_Extracted records:_
=== Section Start ===
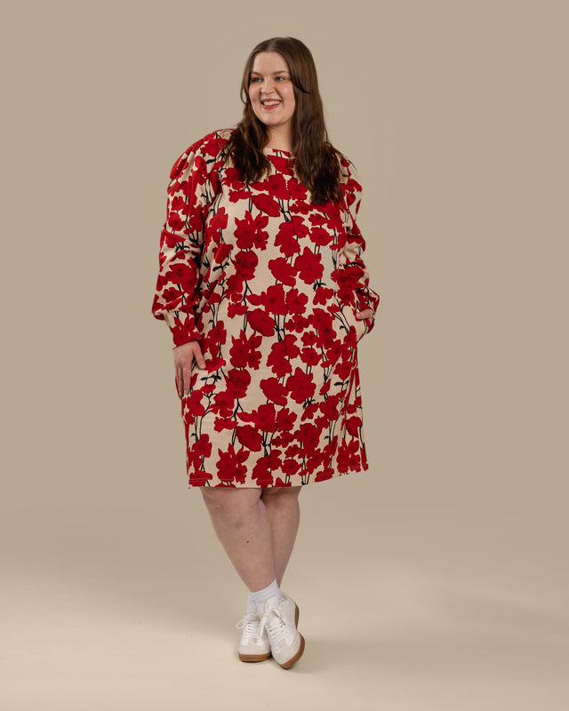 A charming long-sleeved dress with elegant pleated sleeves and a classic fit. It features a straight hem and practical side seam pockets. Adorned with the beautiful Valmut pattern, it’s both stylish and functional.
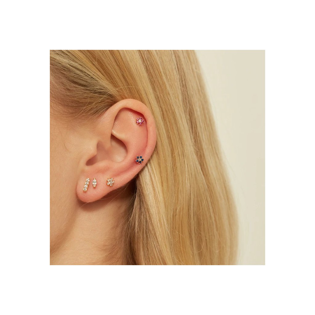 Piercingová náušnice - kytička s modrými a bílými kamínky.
=== Section End ===
=== Section Start ===
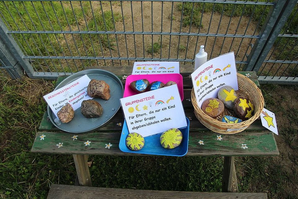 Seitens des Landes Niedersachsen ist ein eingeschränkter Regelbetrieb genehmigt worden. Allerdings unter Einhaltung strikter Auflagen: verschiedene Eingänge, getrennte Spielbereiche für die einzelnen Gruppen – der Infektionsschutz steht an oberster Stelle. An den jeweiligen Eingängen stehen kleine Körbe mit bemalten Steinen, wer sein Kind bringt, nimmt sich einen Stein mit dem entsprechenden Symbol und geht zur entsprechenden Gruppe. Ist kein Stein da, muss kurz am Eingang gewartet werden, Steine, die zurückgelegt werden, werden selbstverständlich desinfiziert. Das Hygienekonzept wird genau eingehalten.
=== Section End ===
_Task prompt:_
Begin at the line in the entries above that has "A charming long-sleeved", stop after the line that has "Piercingová náušnice - kytička", and output exactly those lines without pictures.

_Task solution:_
 A charming long-sleeved dress with elegant pleated sleeves and a classic fit. It features a straight hem and practical side seam pockets. Adorned with the beautiful Valmut pattern, it’s both stylish and functional.
 Piercingová náušnice - kytička s modrými a bílými kamínky.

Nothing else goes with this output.